**EXERCISE DETAILS**: Reproduce exactly the run of lines that begins with the one containing "In this exclusive" and ends with the last line of the records, omitting pictures.

─── DATA RECORDS

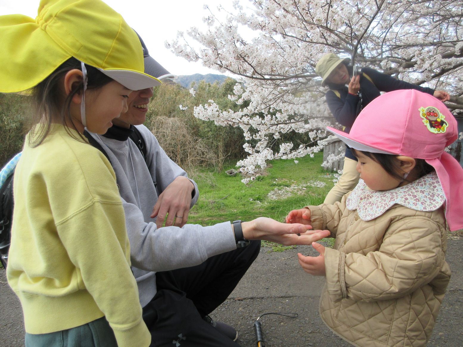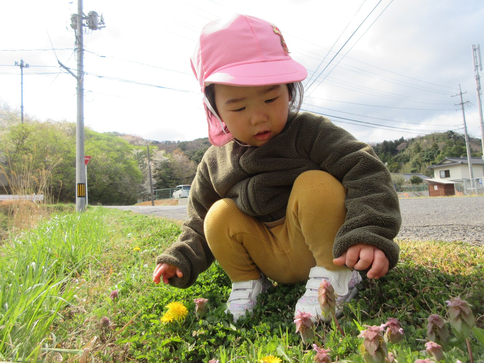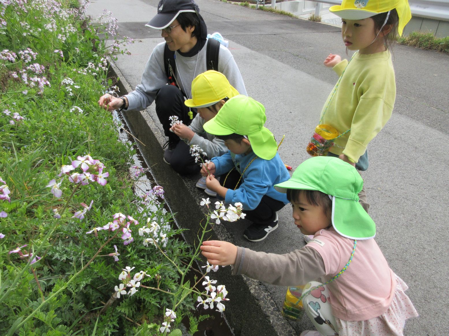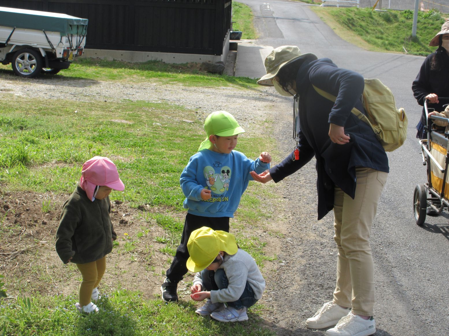 道中は、見つけた春の草花を知らせ合うかわいい姿がたくさん見られていました。じっくりお気に入りの花を探して摘み、宝物バッグに入れて持ち帰りました。
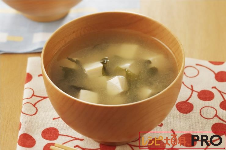 鍋に水、「ほんだし® かつおだし」半量を入れ、中火にかける。煮立ったら豆腐を加えて1分ほど煮、わかめを加えてひと煮立ちさせる。
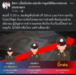 โดย ทนายตั้ม ได้แถลงข่าว พูดถึง 3นายตำรวจ พร้อมแฉเรื่องขบวนการส่วยตัวท็อปเดือนละมหาศาลสะเทือนสำนักงานตำรวจแห่งชาติ ที่เกี่ยวข้องกับ ตำรวจ คือ ดาบยาว คอมมานโด มีหน้าที่รวบรวม ส่งให้นาย , รองฟาง คนสนิท บิ๊กต่อ และ พล.ต.อ.ต่อศักดิ์ สุขวิมล ผบ.ตร. ซึ่งได้มีการส่งคนของตัวเองไปตำรวจไซเบอร์ เรื่องส่วยตั้งแต่ชั้นผู้น้อยไปจนถึงระดับผู้บังคับบัญชา มีเส้นเงินชัดเจน
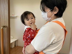 初めての病児保育、おもちゃを出すと泣き止んでます![]()
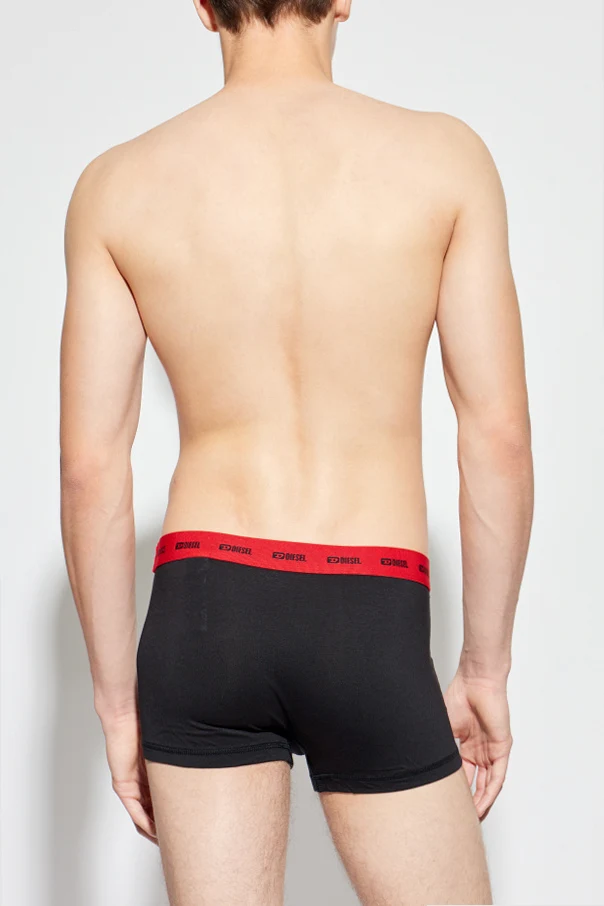 In this exclusive set, discover two pure black pairs and a third adorned with expressive white and red hearts, set against a bold black canvas. The signature detail—a vibrant red elastic waistband—features the Diesel logo elegantly rendered in jet black, encircling the waist with unmistakable designer distinction. This thoughtful balance of timeless simplicity and playful artistry sets these boxers apart.
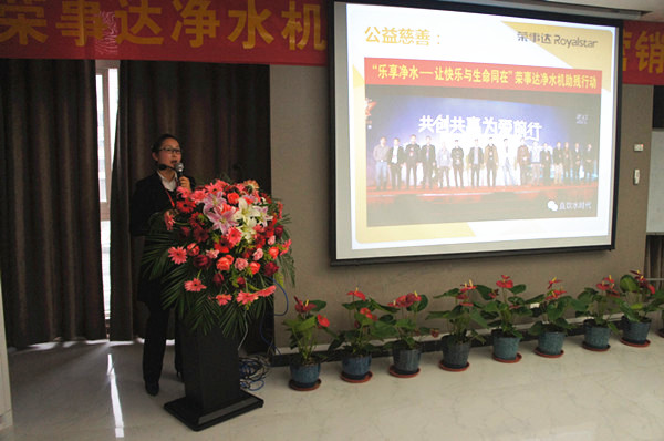 榮事達著力打造產品力,推出2016系列暢銷新品,助力客戶致勝終端。在此次暢銷產品培訓講座上,開發部董部長為客戶解析了暢銷新品賣點,R8櫥下智能純水機以黑、金為主色調,尊貴大氣,產品采用LED智能顯示、自動化沖洗功能、防漏水技術、以及新型韓式龍頭,亮點頗多;箱體LED純水機采用“無壓力罐”構造、“一體式龍頭”設計,櫥上櫥下可隨心安置;速熱飲水機超薄小巧、三秒即熱,并能實現多檔水溫和水量調節,方便、實用、美觀。會上,董部長將榮事達凈水機所采用的膜、壓力桶、泵、龍頭等配件與其他廠家的產品進行比較,從產品質量、安裝拆卸便攜性、用戶使用體驗等多個方面突出了榮事達凈水機的質量和性能優勢。
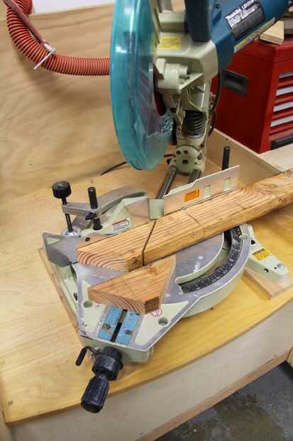 Dirígete a la Sierra de picar y cortar dos piezas triangulares de 2 x 4 (foto arriba) con el conjunto de sierra a 45 grados, así.

──────

**ANSWER TO THIS PROBLEM**:
 In this exclusive set, discover two pure black pairs and a third adorned with expressive white and red hearts, set against a bold black canvas. The signature detail—a vibrant red elastic waistband—features the Diesel logo elegantly rendered in jet black, encircling the waist with unmistakable designer distinction. This thoughtful balance of timeless simplicity and playful artistry sets these boxers apart.
 榮事達著力打造產品力,推出2016系列暢銷新品,助力客戶致勝終端。在此次暢銷產品培訓講座上,開發部董部長為客戶解析了暢銷新品賣點,R8櫥下智能純水機以黑、金為主色調,尊貴大氣,產品采用LED智能顯示、自動化沖洗功能、防漏水技術、以及新型韓式龍頭,亮點頗多;箱體LED純水機采用“無壓力罐”構造、“一體式龍頭”設計,櫥上櫥下可隨心安置;速熱飲水機超薄小巧、三秒即熱,并能實現多檔水溫和水量調節,方便、實用、美觀。會上,董部長將榮事達凈水機所采用的膜、壓力桶、泵、龍頭等配件與其他廠家的產品進行比較,從產品質量、安裝拆卸便攜性、用戶使用體驗等多個方面突出了榮事達凈水機的質量和性能優勢。
 Dirígete a la Sierra de picar y cortar dos piezas triangulares de 2 x 4 (foto arriba) con el conjunto de sierra a 45 grados, así.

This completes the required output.